Sie können 4 Esslöffel Backpulver und 12 Esslöffel destilliertes Wasser mischen.

Sie können Kokosnussöl verwenden, bis eine Paste entsteht, die Sie dann 10 Minuten lang auf die juckende Stelle Ihrer Hand auftragen, dann sanft mit kaltem Wasser abspülen, abtrocknen und befeuchten.

5. Topische Steroide

Wenn Hausmittel den Hautausschlag und den Juckreiz nicht lindern, verschreiben Dermatologen in der Regel topische Steroide wie Hydrocortisoncreme zur Behandlung der Symptome.

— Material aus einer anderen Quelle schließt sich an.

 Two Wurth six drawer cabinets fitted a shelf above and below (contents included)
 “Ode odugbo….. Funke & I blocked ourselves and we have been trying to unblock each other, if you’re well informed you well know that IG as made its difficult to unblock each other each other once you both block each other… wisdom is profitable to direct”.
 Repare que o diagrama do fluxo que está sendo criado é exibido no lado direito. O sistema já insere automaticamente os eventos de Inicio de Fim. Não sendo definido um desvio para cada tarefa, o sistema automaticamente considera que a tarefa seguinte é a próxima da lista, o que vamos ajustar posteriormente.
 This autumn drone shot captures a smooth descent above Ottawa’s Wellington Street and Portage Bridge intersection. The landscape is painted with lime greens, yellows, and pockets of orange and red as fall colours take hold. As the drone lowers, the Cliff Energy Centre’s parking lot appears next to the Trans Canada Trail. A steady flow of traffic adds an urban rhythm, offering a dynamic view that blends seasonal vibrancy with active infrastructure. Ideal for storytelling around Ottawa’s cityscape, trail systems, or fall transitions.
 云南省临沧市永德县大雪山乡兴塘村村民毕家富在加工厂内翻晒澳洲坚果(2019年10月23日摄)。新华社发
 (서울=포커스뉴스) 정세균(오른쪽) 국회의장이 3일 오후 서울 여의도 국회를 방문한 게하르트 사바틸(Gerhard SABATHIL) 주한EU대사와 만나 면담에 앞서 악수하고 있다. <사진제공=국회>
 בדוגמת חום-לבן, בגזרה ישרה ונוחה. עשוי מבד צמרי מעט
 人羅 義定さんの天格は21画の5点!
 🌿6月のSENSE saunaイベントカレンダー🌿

Einige sind als rezeptfreie Medikamente erhältlich, andere sind rezeptpflichtig. Verwenden Sie sie nicht zu lange, da die Haut dadurch dünner und anfälliger für Infektionen und Risse werden kann.

Calamin-Lotion ist auch sehr gut geeignet, um den Juckreiz zu lindern, wenn Sie mit rosigen Händen aus dem Haus gehen wollen! Sie können sie zu Hause verwenden oder wenn Sie nicht ausgehen.

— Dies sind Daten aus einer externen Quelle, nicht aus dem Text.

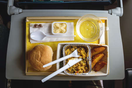 Portion of food for one passenger at airplane board. Indian dish on a folding table on Board the airliner Food served in the plane in economy class. The food in the plane of the top view.
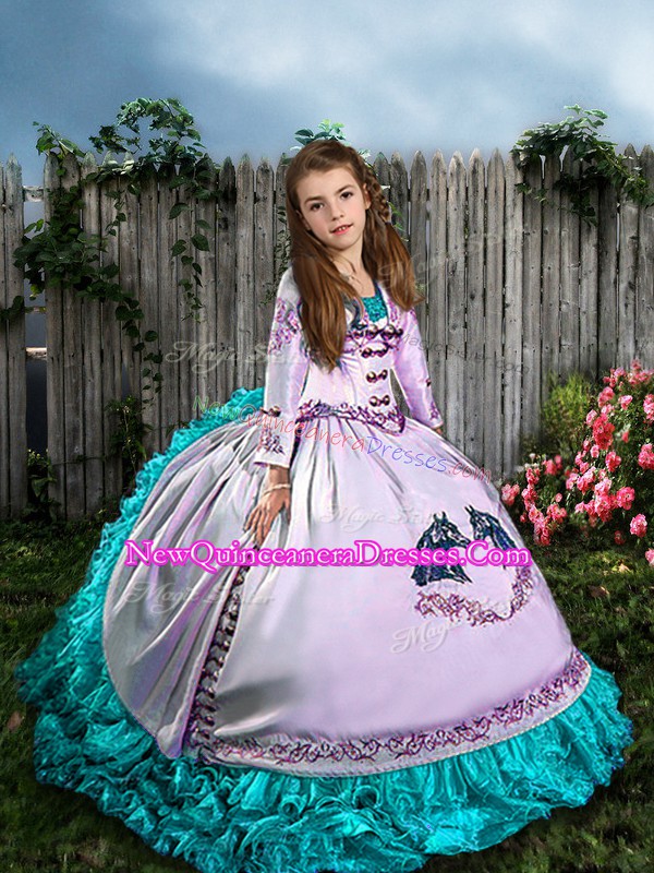 Latest White Straps Neckline Embroidery and Ruffles Kids Formal Wear Sleeveless Lace Up
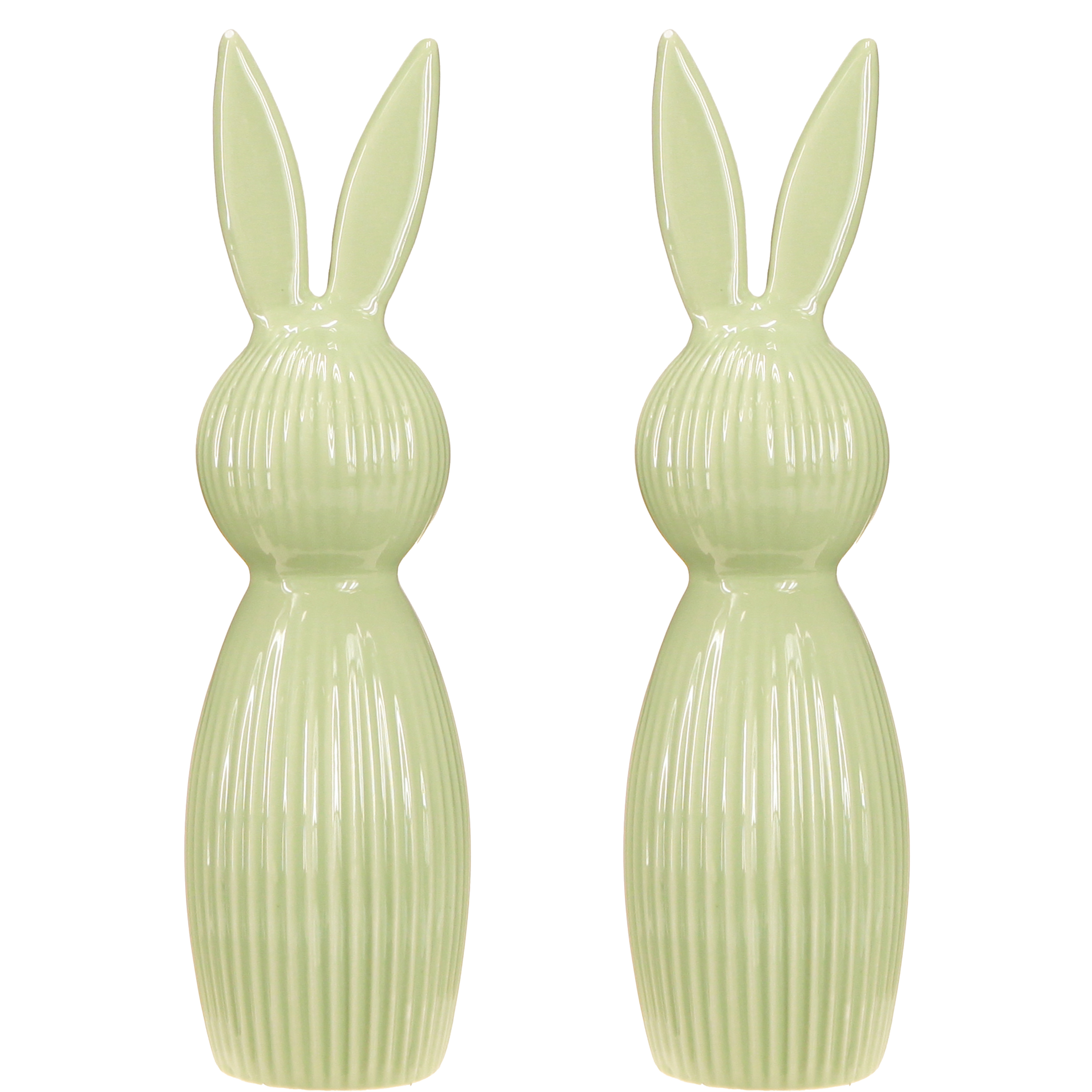 Figura de conejo de Pascua de cerámica en verde pastel, decoración de mesa, 22 cm, 2 piezas

Wenn der Juckreiz mit der Calamin-Lotion oder dem topischen Hydrocortison nicht gelindert werden kann, ist möglicherweise ein Antihistaminikum erforderlich.

Wenn der Hautausschlag großflächig ist, kann der Dermatologe eine kurzfristige Behandlung mit oralen oder injizierbaren Kortikosteroiden verschreiben, was aber normalerweise nicht der Fall ist.

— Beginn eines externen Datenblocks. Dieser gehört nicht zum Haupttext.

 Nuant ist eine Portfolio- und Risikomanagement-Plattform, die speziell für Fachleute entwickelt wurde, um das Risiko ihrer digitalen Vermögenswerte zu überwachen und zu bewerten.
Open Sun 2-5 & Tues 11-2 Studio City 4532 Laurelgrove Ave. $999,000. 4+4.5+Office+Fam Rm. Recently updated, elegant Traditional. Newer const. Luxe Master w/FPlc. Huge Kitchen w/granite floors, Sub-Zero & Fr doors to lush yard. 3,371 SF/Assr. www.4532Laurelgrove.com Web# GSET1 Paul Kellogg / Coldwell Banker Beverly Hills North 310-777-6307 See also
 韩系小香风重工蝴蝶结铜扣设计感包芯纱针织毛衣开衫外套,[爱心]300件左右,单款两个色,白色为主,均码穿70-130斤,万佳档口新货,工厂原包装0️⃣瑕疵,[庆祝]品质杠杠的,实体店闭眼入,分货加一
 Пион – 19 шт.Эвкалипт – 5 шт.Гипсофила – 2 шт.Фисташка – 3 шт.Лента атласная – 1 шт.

Wenn es zu ernst wird, die Symptome trotz aller Hausmittel und rezeptfreien Medikamente nicht abklingen oder andere Symptome wie Fieber oder Schüttelfrost auftreten oder der Hautausschlag an anderen Stellen auftritt, sollten Sie so schnell wie möglich einen Hautarzt aufsuchen!

  • Ist eine Latexallergie dasselbe wie eine Kontaktdermatitis?

Nein!

Beide unterscheiden sich von der Latexallergie, die ernster ist und sich zu einer anaphylaktischen Reaktion und einem Schock entwickeln kann.

Um es kurz zu machen: Kontaktdermatitis ist eine nicht allergische und nicht ansteckende Form der Entzündung, die entsteht, wenn die Haut wiederholt einer Substanz oder einem Umweltfaktor ausgesetzt war, der eine Reizung oder Schädigung der Haut verursacht. Zum Beispiel das wiederholte Tragen von Handschuhen über einen langen Zeitraum.

Abschließende Überlegungen,

Sie brauchen sich keine Sorgen über den Hautausschlag zu machen, die durch den häufigen Gebrauch von Handschuhen entstehen. Sie kommen häufig vor und können leicht verhindert werden, und in der Regel reicht eine Behandlung zu Hause oder die Anwendung von Kortikosteroiden aus, um sie zu beseitigen.

Leave a Reply

Your email address will not be published.